The emergence of ChatGPT in the market sparked interest among businesses seeking innovative solutions for automating the traditionally manual and cumbersome processes of data analysis and insight derivation. Traditional enterprise performance management tools require users to know where to look and how to extract insights from their ERP systems. They involve dashboards, filters, and formulas that are second nature to analysts but intimidating or time-consuming for less technical users. A chat interface could lower this barrier dramatically.
RESEARCH
We began by studying leading conversational AI systems of the time(e.g., ChatGPT, Google Bard) and noted key interaction principles in a competitive analysis. Interaction principles such as progressive disclosure, inline clarification, and recoverability informed our early interface direction. To design a chat-based interface that truly served financial analysts, we recognized the importance of combining industry standards, user expectations, and technical feasibility.
👥
Informal Interviews
Interviewing analysts to understand current workflows, frustrations, and expectations
📓
EPM Workflow Analysis
Analysis of report generation in Oracle EPM through EPM documentation review
🔎
Documentation
Analyzing consumer and enterprise-facing AI tools to identify interaction patterns
💻
Code / Queries
Analyzing REST integrations and EPM capabilities for integration design and logic

We framed our research results around three pillars: how users currently interacted with dashboards and data tools, how they trusted and adopted AI outputs, and what could make enterprise conversational interfaces successful. This helped us identify the needs of our key users.
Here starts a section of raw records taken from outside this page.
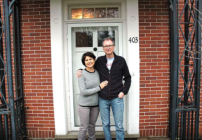 Antioch College’s new president, Tom Manley, and his wife, Susanne Hashim, stood outside their new home on Antioch’s campus, the Folkmanis House on President Street. Manley started at the college on March 1 with a full schedule of campus and community engagements; Hashim and the couple’s 11-year-old daughter, Chedin, will relocate to Yellow Springs in May. (Photo by Audrey Hackett)
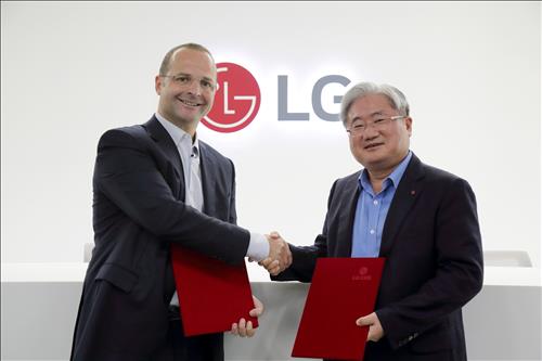 | △ 김대훈 LG CNS 사장(오른쪽)과 안드레아스 머스터드 미국 소네딕스 사장이 21일 태양광 발전소 사업 계약을 맺고 악수를 하고 있다. |
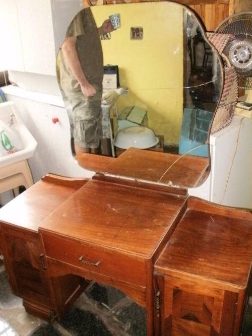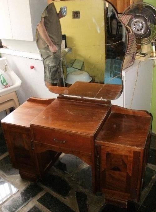 A VERY NICE RETRO DRESSING TABLE IN GOOD CONDITION. THE MIRROR IS CRACKED. 147CM X 46CM X 46CM. SHIPPING WILL BE R250 WITHIN A 100KM RADIUS OF MY HOUSE. PICK UP MORE THAN WELCOME.
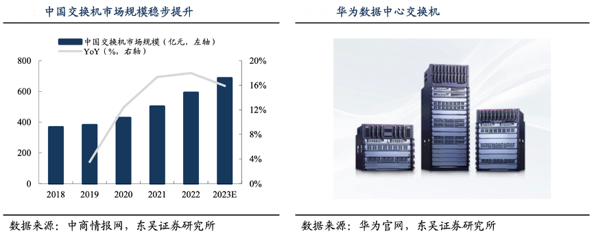 經典案例:根據中商情報網、華為官網、東吳證券研究所等綜合資訊表明,國產交換機市場規模穩定增長,華為優勢顯著。根據 IDC 數據,華為核心數據中心交換機 CloudEngine 16800 系列已達到世界領先水平,整機容 量超過 300Tbps,位居全球第一。2023年6,華為發布首款 800GE 數據中心核心交換機 CloudEngine 16800-X 系列,正式開啟數據中心 800GE 時代。根據 IDC 數據顯示,華為 在 2023H1 以 35.8%的市場份額,蟬聯中國以太網交換機市場第一,自 2016 年至今,華 為已連續 7 年穩居該領域市場第一。
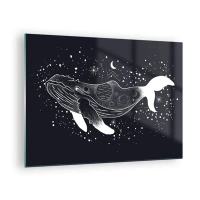 Obraz na skle - Grafická bílá silueta velryby plovoucí ve vesmíru - 70x50cm - V oceánu vesmíru - Moderní nástěnná dekorace do obývacího pokoje a ložnice ARTTOR
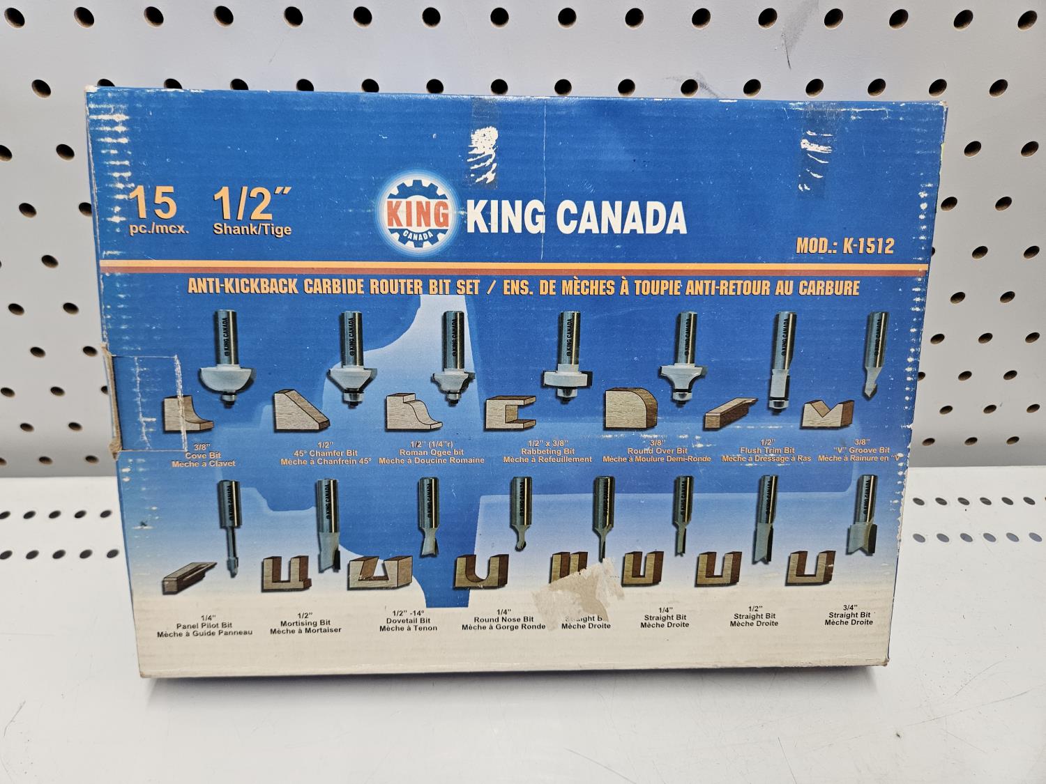 1411 King Canada 15 Piece 1/2 Inch Carbide Router Bit Set (Unused)

Financial Analysts needed Speed
Analysts needed to ask quick questions and get actionable responses without sorting through r raw data. During initial research, the ability to type natural language prompts and receive structured output was highlighted as a benefit during month-end and reporting cycles.
Executives Needed Clarity
Leaders wanted top-level summaries with just enough detail to make fast, informed decisions. It was crucial that the AI output included clear data references and confidence indicators, so executives trusted and acted on the insights without a second round of validation.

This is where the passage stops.